Posted by pox on October 15, 2009 at 2:08 PM
i'm pro-science and i vote 36
They are now saying (on CNN) that the boy may have been in a box, or basket, attached to the balloon, and that it may have fallen and crashed to the ground right after take-off.

IF that is possible, that he/the box weren't too heavy to allow balloon to take off. You all know physics better than me
Posted by i'm pro-science and i vote http://home.comcast.net/~theyellowdog/joerepublican.htm on October 15, 2009 at 2:21 PM
37
I didn't see the movie Up, but I do know that the main character takes off in a balloon for an adventure.
Posted by CommonKnowledge on October 15, 2009 at 2:42 PM
38
@ 19 et al.
Was thinking the same thing when I heard that they called the news station before/instead of anyone else. Do parents think to call the news first when theres a situation?
Hope I'm wrong, but...
Posted by awaywego on October 15, 2009 at 2:44 PM
39
You fucking killed your kid, asshole. Good work.

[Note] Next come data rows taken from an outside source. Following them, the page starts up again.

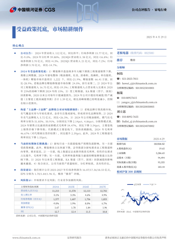【银河证券】【20240429】老板电器受益政策托底,市场精耕细作-10页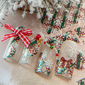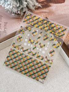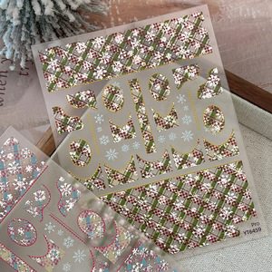 YITU蚁图浮雕烫金圣诞雪花格纹美甲贴纸轻奢复古风装饰贴纸YT6453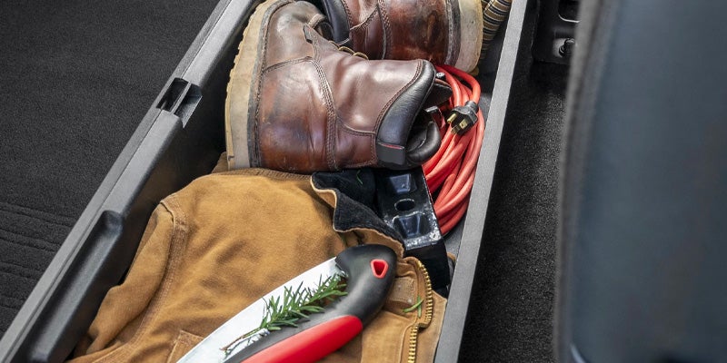 When properly equipped, the Super Duty achieves a maximum conventional towing capacity of 30,000 pounds and a maximum payload capacity of 8,000 pounds. The gooseneck towing capacity reaches up to 40,000 pounds for more demanding tasks. A 10-speed TorqShift automatic transmission comes standard across all models, delivering smooth power delivery and optimal gear selection. Testing has shown that an F-250 SuperCrew four-wheel drive with a diesel engine can accelerate from 0 to 60 mph in 5.5 seconds. The 8-foot cargo box provides 78.5 cubic feet of volume, measuring 98.1 inches long, 66.9 inches wide, and 21.1 inches tall.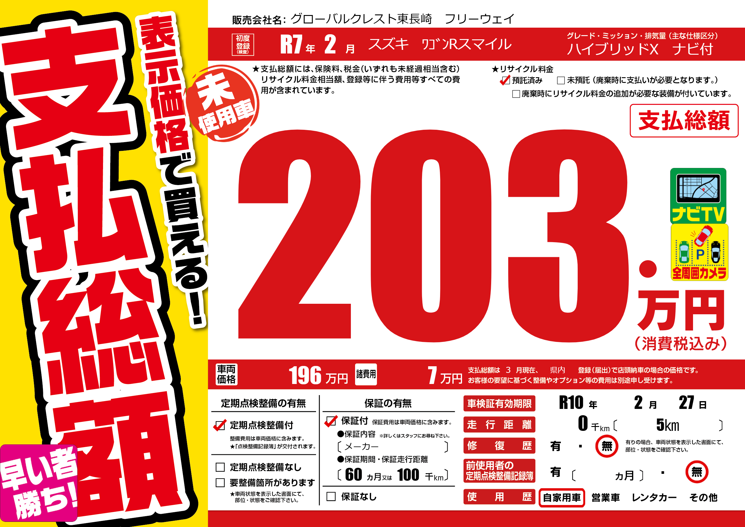 | 走行キロ | - | 初年度登録 | R7年2月 |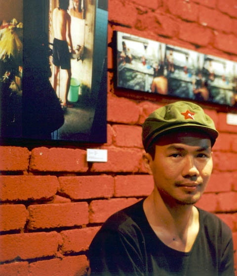 in December 2002. Behind him is the mini-exhibition of my photo sets from the Room To Let shoot.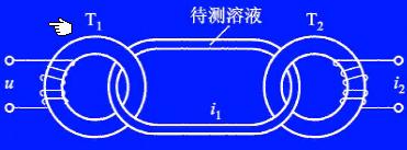 用被测溶液构成一个短路线圈,将两个变压器T1和T2耦合起来。T1为激励变压器,其初级通以交流电压时,通过对i2的测量可以得到溶液的电导,从而得出相应的浓度。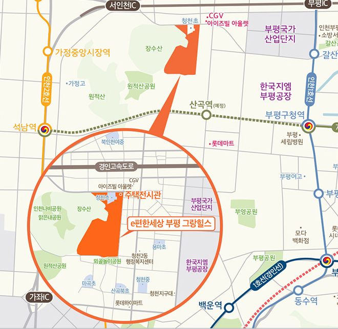 서울과 연결되는 지하철로 아직까지는 사업지가 서울에 많이 몰려 있기 때문에 지하철 연장구간으로 산곡역이 2021년에 개통 예정되어있어 관심이 갑니다. 또한 인천시와 국방부의 군부대 재배치 사업과 연계하여 원도심 활성화와 앞으로 어떠한 도시개발계획이 확장될지에 대한 기대도 큽니다.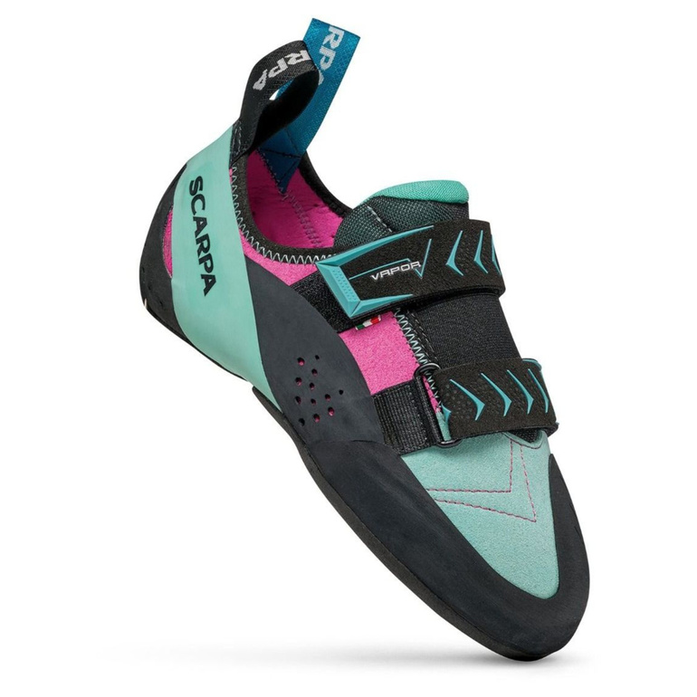 Wszechstronne i mocno uniwersalne buty wspinaczkowe dla średniozaawansowanych wspinaczy - Scarpa VAPOR V. Łączą w sobie optymalny komfort i precyzję. Zapinanie na rzepy pozwala na szybkie zakładanie i zdejmowanie oraz dobre dopasowanie do stóp. Dodatkowa taśma gumowa na języku pomaga utrzymać go w stałej pozycji podczas wspinania.
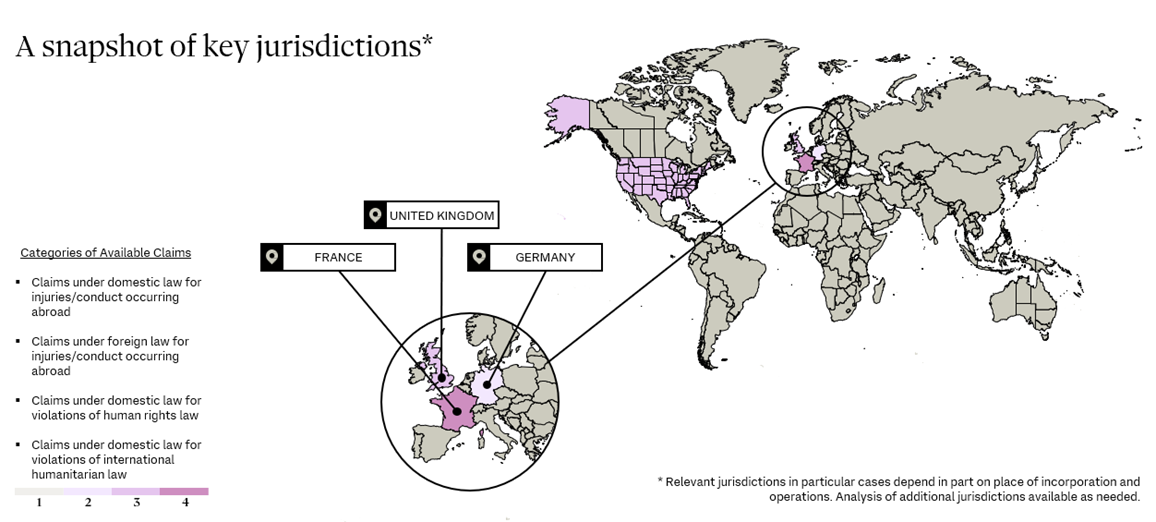 While the United States has long been a prominent forum for such litigation, other jurisdictions, including France, Germany, and the United Kingdom, are increasingly asserting jurisdiction over corporate conduct abroad. Below are the highlights, but further analysis of litigation risks in these jurisdictions—including evolving case law and enforcement priorities—will be covered in upcoming blogs in this series, so stay tuned.
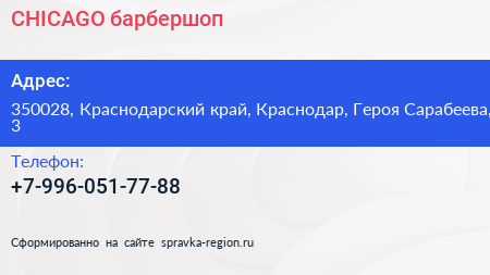 CHICAGO, барбершоп по адресу 350028, Краснодарский край, Краснодар, Героя Сарабеева, 3 в дальнейшем Организация, размещена в следующих категориях: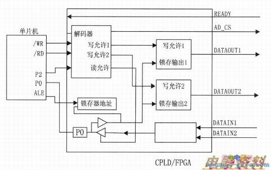 在CPLD/FPGA中通过逻辑切换,单片机易于与SRAM或ROM接口。这种方式有许多优势,如利用类似于系统的的工作方式,首先由CPLD/FPGA与接口的高速等器件进行高速数据采样,并将数据暂存于SRAM中,采样结束后,通过切换,使单片机与SRAM以总线方式进行数据通信,以便发挥单片机强大的数据处理能力。

I hope you rot in jail for a good, long time. Involuntary manslaughter can carry one hell of a sentence in Colorado.
Posted by but for on October 15, 2009 at 2:45 PM
40
actually, I hope I'm right so the kid's still alive...
Posted by awaywego on October 15, 2009 at 2:46 PM
nicholaus 41
@38 I hadn't heard that their first call was to the media, but if that is true, it's not detracting from my theory.
Posted by nicholaus on October 15, 2009 at 2:56 PM
Big_K 42
Found hiding in the garage. Publicity stunt by crazy family is my call.
Posted by Big_K on October 15, 2009 at 3:19 PM
43
In a box, in the attic, not dead.

Eh, they might be asshats, but at least the poor kid's alive.